IF 2.9 3区 生物学 Q2 BIOCHEMICAL RESEARCH METHODS Pub Date : 2025-02-05 DOI: 10.1186/s12859-025-06063-x
Samuel S Boyd, Chad Slawson, Jeffrey A Thompson

Background: Multi-omic studies provide comprehensive insight into biological systems by evaluating cellular changes between normal and pathological conditions at multiple levels of measurement. Biological networks, which represent interactions or associations between biomolecules, have been highly effective in facilitating omic analysis. However, current network-based methods lack generalizability to accommodate multiple data types across a range of diverse experiments.

Results: We present AMEND 2.0, an updated active module identification method which can analyze multiplex and/or heterogeneous networks integrated with multi-omic data in a highly generalizable framework, in contrast to existing methods, which are mostly appropriate for at most two specific omic types. It is powered by Random Walk with Restart for multiplex-heterogeneous networks, with additional capabilities including degree bias adjustment and biased random walk for multi-objective module identification. AMEND was applied to two real-world multi-omic datasets: renal cell carcinoma data from The cancer genome atlas and an O-GlcNAc Transferase knockout study. Additional analyses investigate the performance of various subroutines of AMEND on tasks of node ranking and degree bias adjustment.

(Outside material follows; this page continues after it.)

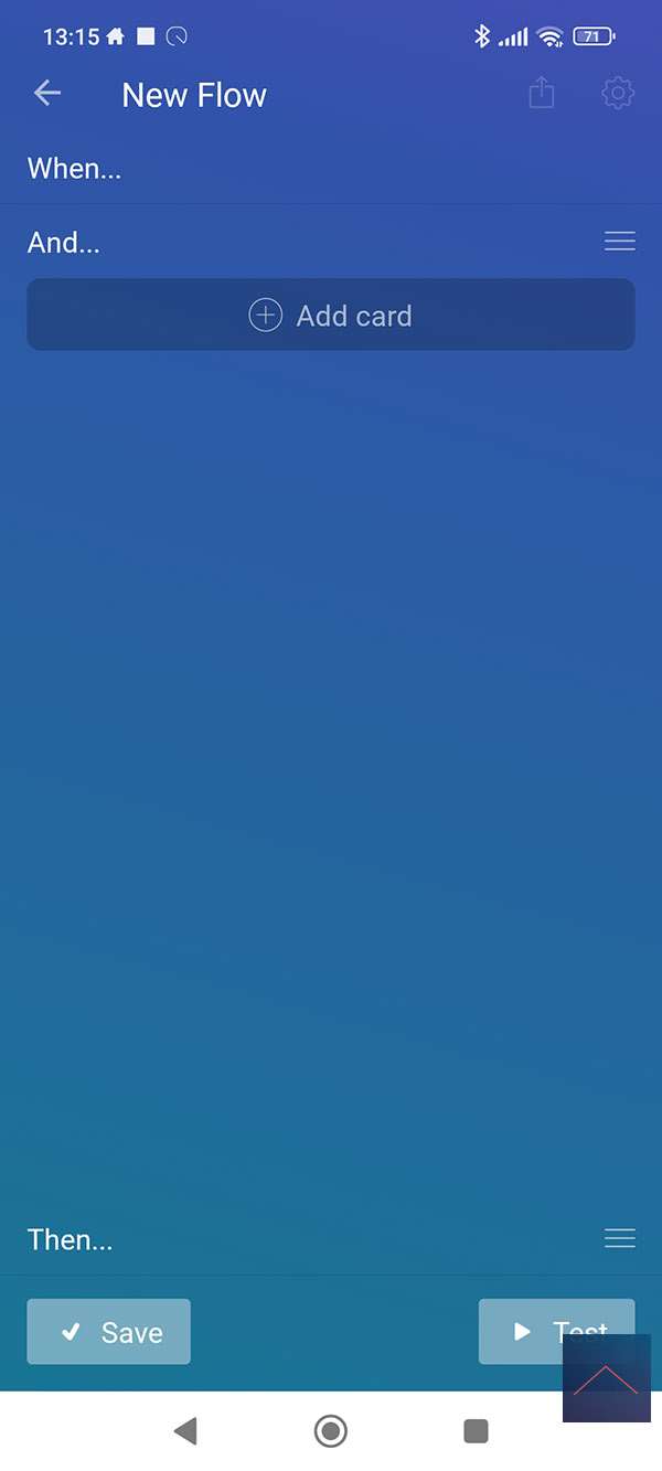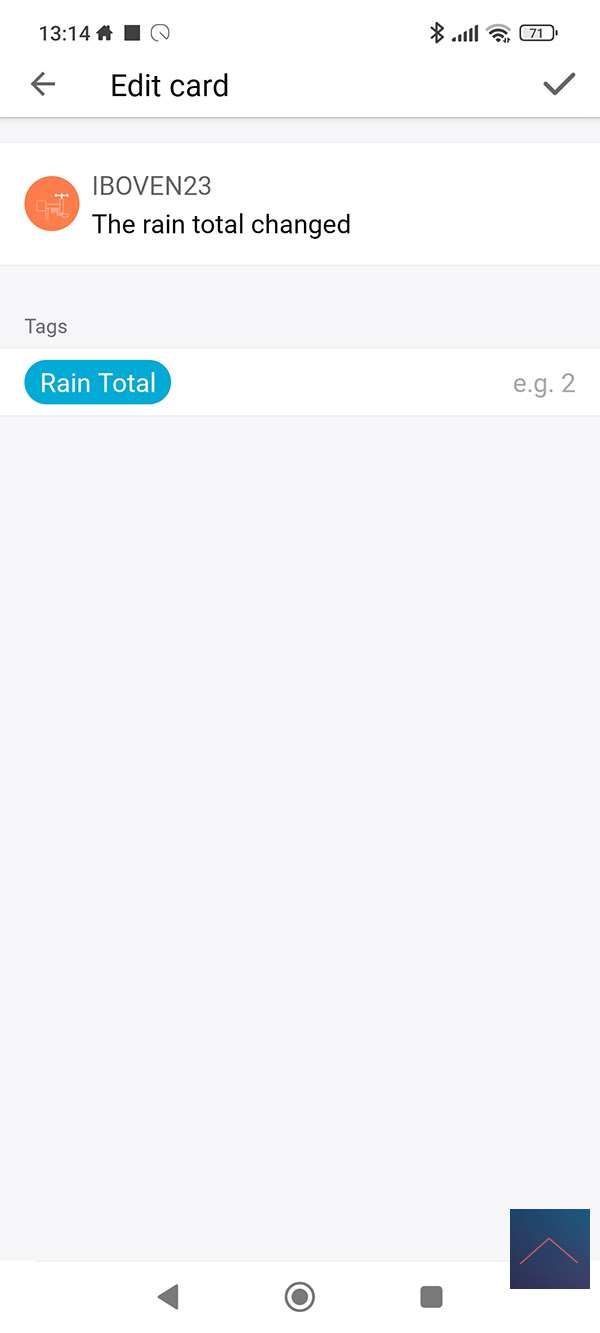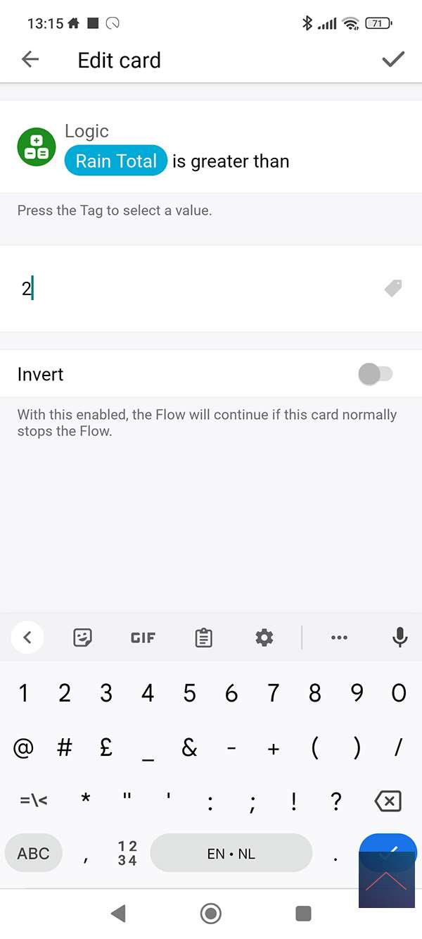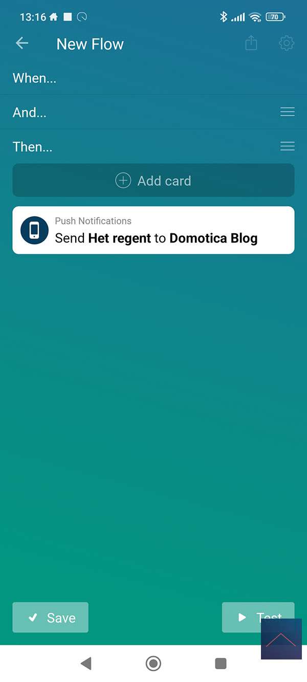 We maken een flow waarbij, als het regent, we een notificatie ontvangen. Hiervoor gebruiken we het kaartje "regen totaal" en bepalen de hoeveelheid regen en sturen we een notificatie.

Conclusions: While the analysis of multi-omic datasets in a network context is poised to provide deeper understanding of health and disease, new methods are required to fully take advantage of this increasingly complex data. The current study combines several network analysis techniques into a single versatile method for analyzing biological networks with multi-omic data that can be applied in many diverse scenarios. Software is freely available in the R programming language at https://github.com/samboyd0/AMEND .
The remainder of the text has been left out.